A custom gymnasium environment for training quadruped locomotion using reinforcement learning in the Mujoco simulator. The environment has been set up for the Unitree Go1 robot, however, it can be easily extended to train other robots as well.

There are two MJCF models provided for the Go1 robot. One tuned for position control with a proportional controller, and one model which directly takes in torque values for end-to-end training.

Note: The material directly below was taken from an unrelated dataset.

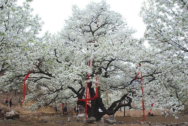 500歲梨王開花,多根紅綢加身,鮮花壓滿枝頭。

Trained Model with Motor Torque Actions

trained_go1_torque_ctrl.mp4

Trained Model with Position Actions and a Proportional Controller

trained_go1_position_ctrl.mp4

Setup

python -m pip install -r requirements.txt

Train

python train.py --run train

Displaying Trained Models

python train.py --run test --model_path <path to model zip file>

For example, to run a pretrained model which outputs motor torques and has the robot desired velocity set to <x=1, y=0>, you can run:

python train.py --run test --model_path .\models\2024-04-16_10-11-57-x=1_torque_ctrl_fixed_joint_range_5mill_iter_working_well\final_model.zip

Note

Some of the trained models in the models/ directory were trained on older version of the environment (different observation space), as a result, they may not work on the latest code on main. For the above example to work as expected, you could try running it from the following commit: 4756dee0ffe7b4e5e78a60195c47d5427998b2a6

Additional arguments for customizing training and testing
usage: train.py [-h] --run {train,test} [--run_name RUN_NAME] [--num_parallel_envs NUM_PARALLEL_ENVS]
                [--num_test_episodes NUM_TEST_EPISODES] [--record_test_episodes] [--total_timesteps TOTAL_TIMESTEPS]      
                [--eval_frequency EVAL_FREQUENCY] [--model_path MODEL_PATH] [--seed SEED]

optional arguments:
-h, --help            show this help message and exit
--run {train,test}
--run_name RUN_NAME   Custom name of the run. Note that all runs are saved in the 'models' directory and have the       
                        training time prefixed.
--num_parallel_envs NUM_PARALLEL_ENVS
                        Number of parallel environments while training
--num_test_episodes NUM_TEST_EPISODES
                        Number of episodes to test the model
--record_test_episodes
                        Whether to record the test episodes or not. If false, the episodes are rendered in the window.    
--total_timesteps TOTAL_TIMESTEPS
                        Number of timesteps to train the model for
--eval_frequency EVAL_FREQUENCY
                        The frequency of evaluating the models while training
--model_path MODEL_PATH
                        Path to the model (.zip)
--seed SEED

Note

This repository serves for education purposes and is by no mean finalized!